Но втянулись, жили, терпели, хотя «население» на Бадалыке (город-ское кладбище) увеличивалось и увеличивается скорее, интенсивней, чем в самом городе. Здесь давно уже рождаемость по сравнению со смертностью уменьшилась. Думаю, только с уральским, погубленным регионом и может соперничать наш город по смертности.

Я зрительно убедился в этом. Мой родственник попал на Бадалык в числе первых новопоселенцев, на небольшой участочек — уголок возле иссыхающей, но все еще живой речки Бадалык. После похорон я ездил в один райцентр на десять дней — отдохнуть, отдышаться от тяжкого потрясения. Возвращаюсь назад и не могу узнать Бадалыка — могилы с намогильными знаками и крестами захлестнули уж не только речку, но и холмы за нею — тысячи новых могил появились. Это за десять-то дней!

Сейчас Бадалык — это целая кладбищенская империя, по населению, по-моему, превзошедшая население городское. Кладбище по санитарным и всяким другим нормам, в том числе и нравственным, пережило и изжило себя, его уже невозможно окинуть взором человеческим, на нем уже, особенно на старом конце, трудно найти родную могилу, а найдешь ее — глядь, тут уж новый «клиент», под новой плитой поселился.

Но, повторяю, из сегодняшней действительности и та нищая бесправная жизнь русским людям, если уж быть точнее — пролетариям, кажется хорошей, райской, желанной, умиротворенной, и они готовы туда вернуться...

Вот до чего можно довести самый терпеливый, самый Родине своей преданный и покорный народ! Говорят, рай — худое место, из него куда ни шагни, все плохо. Выходит, ад — место самое хорошее: из него куда ни ступи — везде лучше. Но во всяком движении жизни, как и у всякой медали, есть две стороны: остановились промышленные гиганты, в том числе и самые вредные — химические — чище сделался воздух. Подорожала жизнь, люди рванулись к земле-кормилице, пока еще в странной, называемой на аристократический манер, дачной форме, но там не только папы, мамы, дедушки и бабушки, но и пролетарские дети, в основном — бездельники и гуляки учатся земле, труду, узнают, что картошка, хлеб, морковка и капуста не в магазине, не на базаре, а на земле растут.

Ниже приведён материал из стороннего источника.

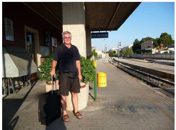
Her står vi og lurer på hva vi skal gjøre nå.
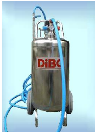
DiBo社製 フォームディスペンサー
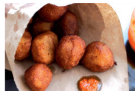
Beignets à la Farine de Manioc

NB : Certaines variétés de manioc ayant un seuil de toxicité élevé, il est recommandé de se rapprocher de l'Institut de Recherche Agricole pour le Développement (IRAD) qui produit des variétés améliorées dont le rendement et la qualité sont avérés.
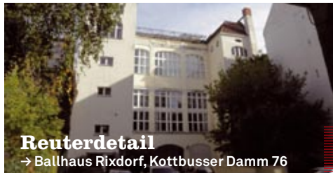
Reuterdetail → Ballhaus Rixdorf, Kottbusser Damm 76

ART-IN-MOVEMENT → Tanzlaboratorium mit Ricarda Schuh mittwochs 18–20 Uhr, Probestunde n. V. || Infos: T: 615 56 33, www.ricarda-schuh.de ATELIER SCHELLBACH → Glasperlen-Workshops und Filzkurse Termine auf Anfrage, T: 61 30 57 58 || Infos: www.fajalobi.de / www.uteschellbach.de GALERIE CLAUDIA MANGELSDORFF → Stricken für AnfängerInnen und Fortgeschrittene ab 05.11., donnerstags 19–21.30 Uhr || (12 € / Abend), Infos: T: 48 49 42 76, info@stoffekunst.de ORI → Projektmanagement für FotografInnen 14.11., 10–18 Uhr → Fundraising für FotografInnen und Fotografen 15.11., 10–18 Uhr → Fotografie in Kriegs- und Krisengebieten 21.11., 10–18 Uhr || Gebühr: je 100/130 €, Infos: T: 69 53 37 80, www.ori-berlin.de TANZART LABOR → Offene Klasse mit Anna Barth, Körperarbeit, Improvisation und Butoh, dienstags 20–22 Uhr || Infos: T: 69 50 60 74, www.annabarth.de
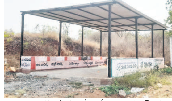
పెగడపల్లి మండలంలోని భాగీగా ఉన్న ఓ కంపోస్ట్ షెడ్డు

కరీంనగర్ జిల్లా హన్మాలేశ్వరి మండలంలోని 1,700 జనాభాగల ఒక చిన్న గ్రామానికి గతంలో ప్రతి నెలా రూ.1.20 లక్షల గ్రాంట్లు వచ్చేవి. ఇప్పుడు ఇవి నిలిచిపోవడంతో డ్రాక్టర్ నిర్వహణ కోసం స్టానిక పెట్రోల్ బంకోలో రూ.40 వేల క్రెడిట్ పెట్టారు. ఈ డబ్బు చెల్లించనిదే డీజిల్ పోయింది చెప్పడంతో గత నాలుగైదు నెలలుగా స్టానిక కార్యదర్శి ఇప్పటికే రూ.80 వేల వరకు భరించి డ్రాక్టర్ నిర్వహిస్తున్నారు. జిల్లాలోని అనేక చిన్న గ్రామ పంచాయతీల్లో ఇదే పరిస్థితి కనిపిస్తోంది. విద్యుత్ బిల్లులు చెల్లించేందుకు, మంచి నీటి సరఫరా చేసేందుకు కార్యదర్శులు ఆర్థిక భారాన్ని భరించాల్సి వస్తోంది.
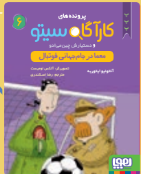
معما در جام جهانی فوتبال
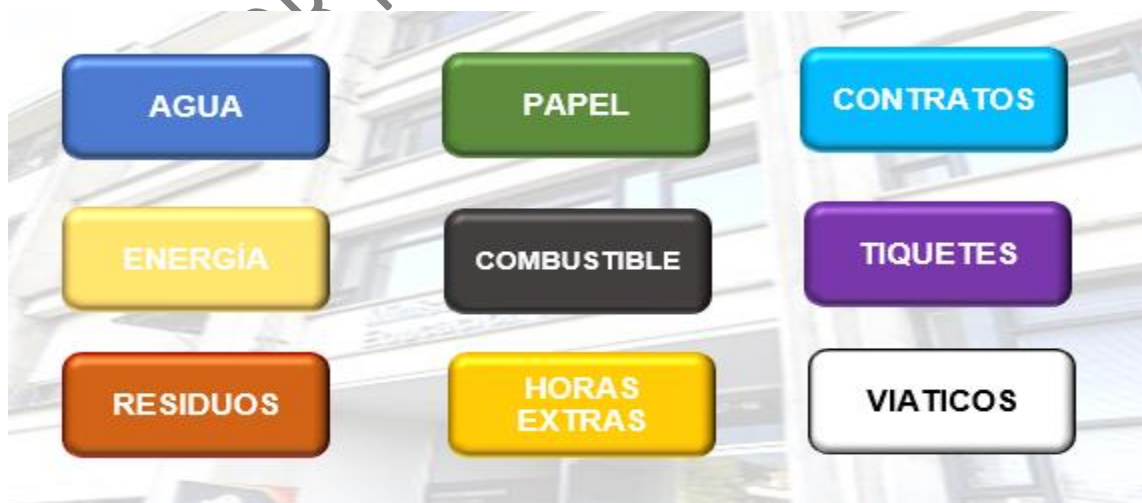
Figura 1: Conceptos de gasto Plan de Austeridad
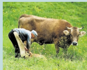
Die Umgebung von Wangen: Im Einklang mit der Natur leben.

Die Große Kreisstadt Wangen im Allgäu ist eine alte aber quicklebendige Stadt. Große Zäsuren und nicht zu Ende gedachte Brüche mit der Vergangenheit lassen sich deshalb auch nicht finden. Wangen im Allgäu ist eine attraktive Stadt mit hervorragenden Standortbedingungen und einer besonderen Lebensqualität. Mit der Eingliederung von den Ortschaften Deuchelried, Karsee, Leupolz, Neuravensburg, Niederwangen und Schomburg vergrößerte sich Wangen auf heute über 26.700 Einwohner mit einer Gemeindefläche von rund 100 km 2 .
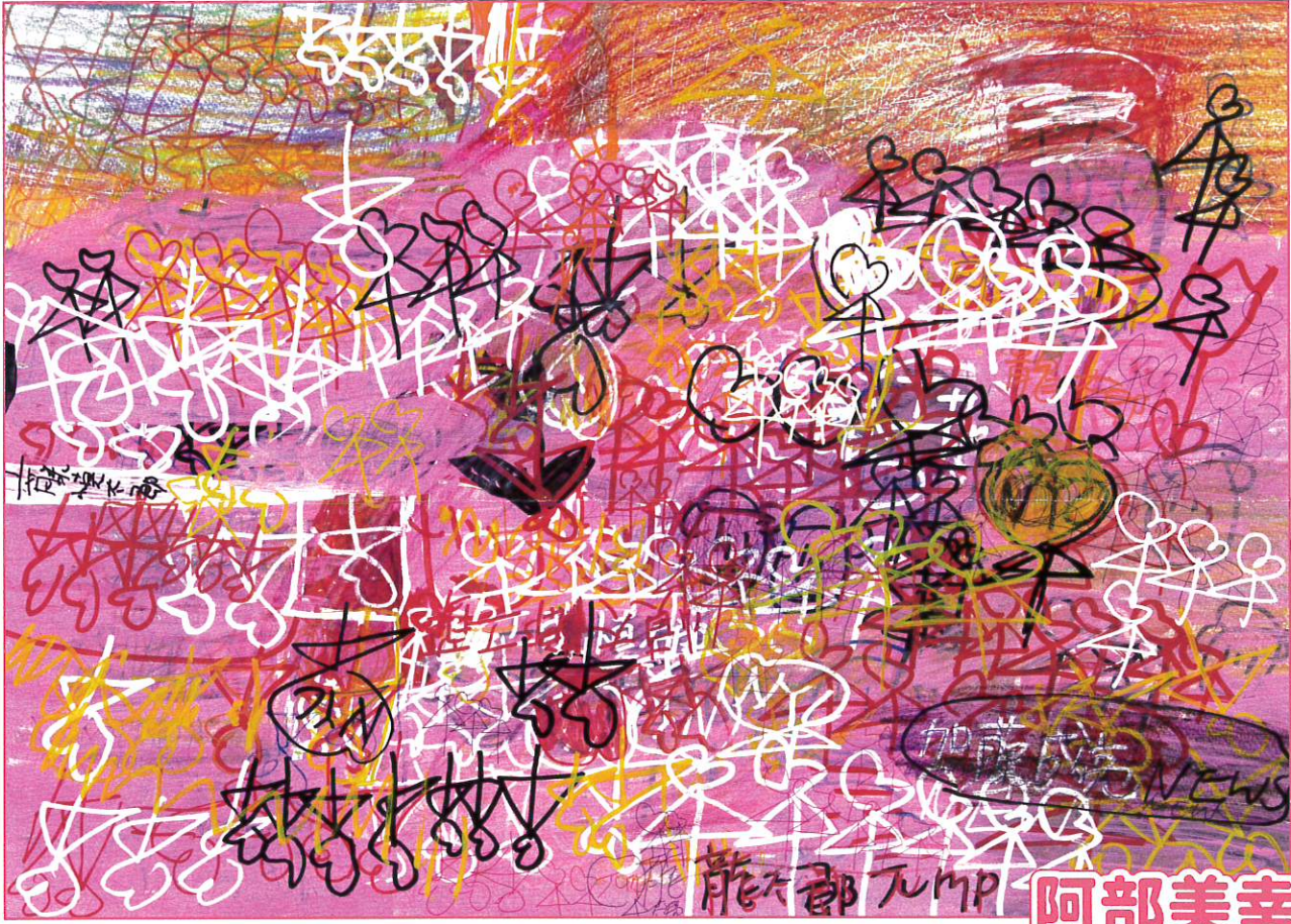
《チューリップと相合傘》2011年、380×540 mm

公立美術館における障害者等による文化芸術活動を促進させるためのコア人材の コミュニティ形成を軸とした基盤づくり事業「ハイロケット事業」 (文化庁委託事業 令和5年度障害者等による文化芸術活動推進事業)
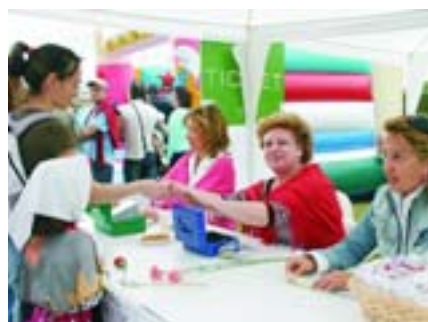
Los miembros de la Corporación participaron también de forma muy activa.

El agradecimiento municipal se hace extensible a todos aquellos vecinos que llevaron, para su venta, distintos platos de comida casera o se encargaron de la bebida, entre ellos, los miembros de las peñas Las Katas y Los Cucos, la Asociación de Mayores y la Asociación de Mujeres AMVAR que acudieron hasta el Parque de la Ermita del Angel para aportar su granito de arena.
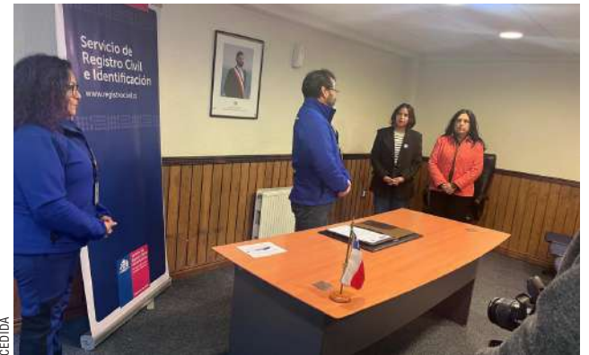
El Registro Civil, un servicio necesario en el desarrollo del país.

En el mismo sentido, Aranda indicó que “nosotros
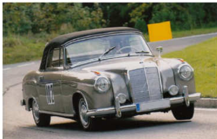
Manfred Biesinger –Klassensieger 2016 mit MB 220 am Eichenberg
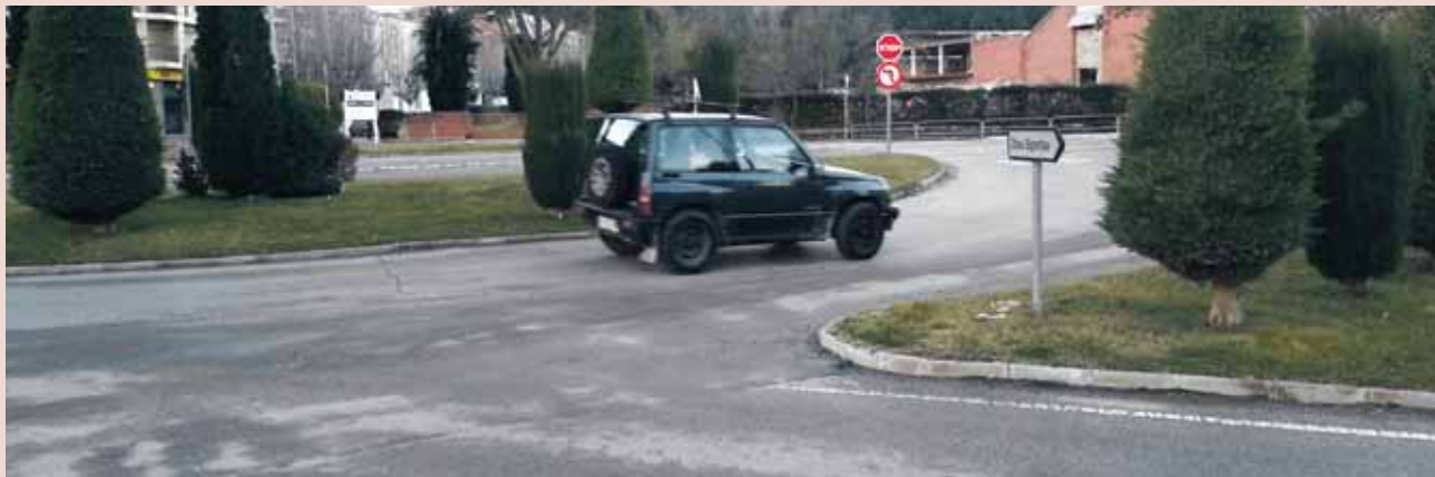
Imatge actual de l'entorn que és a punt de ser transformat en una rotonda

Una vegada iniciats els treballs es preveu que tinguin una durada de

Дороговизна горючего, техники, моторов, вертолетов, удобрений, энергии привела к тому, что уж не стонут воды и леса от нашествия двуногих «хозяев земли», беспощадно истребляющих леса и все в них живущее и растущее, отравляющих реки, озера и моря. Охотники и еще не разбежавшие-ся деревенские и лесные люди утверждают, что за счет излома прогресса ослабилось нашествие людей на природу, больше стало в реках и морях рыбы, в лесах — дичи и животных. Земля без удобрений рожает меньше, да чище на ней продукт и, опять же, животный мир, птица, букашка-черепашка ожила и кормится ею малая птаха, кое-где слышен голос жаворонка, перепелки, кряк коростеля, свист скворца. А то ведь обезголосела, в уныние впала российская земля, одно воронье торжествует и орет на ней, да крысы едят всё и всех подряд в городах, поселках и на станциях. Уже слышны голоса: волка — не отстреливают, он сечет всё живое в лесах и распространяется по краям и весям и в горах, воронье почти уже прикончило малое птичье поголовье. Нет скотомогильников в деревнях, нет падали, а вороне без мяса не вестись, не плодиться, вот вороны и сороки и начали пиратничать: выедать яйца, птенцов не только в гнездышках, но и в скворечниках. Хитрые, коварные птицы, подлости и трусости набравшиеся у человека, вороны долго не трогали в нашем селе близкие к магазину скворечники, потому как здесь всегда народ. В основном они нападают на скворечники во дворах одиноких старушек. Хлопают в ладоши старушки, метлой замахиваются, кричат, но хищнице хоть бы что — сидит на скворечнике и ждет своей удачи.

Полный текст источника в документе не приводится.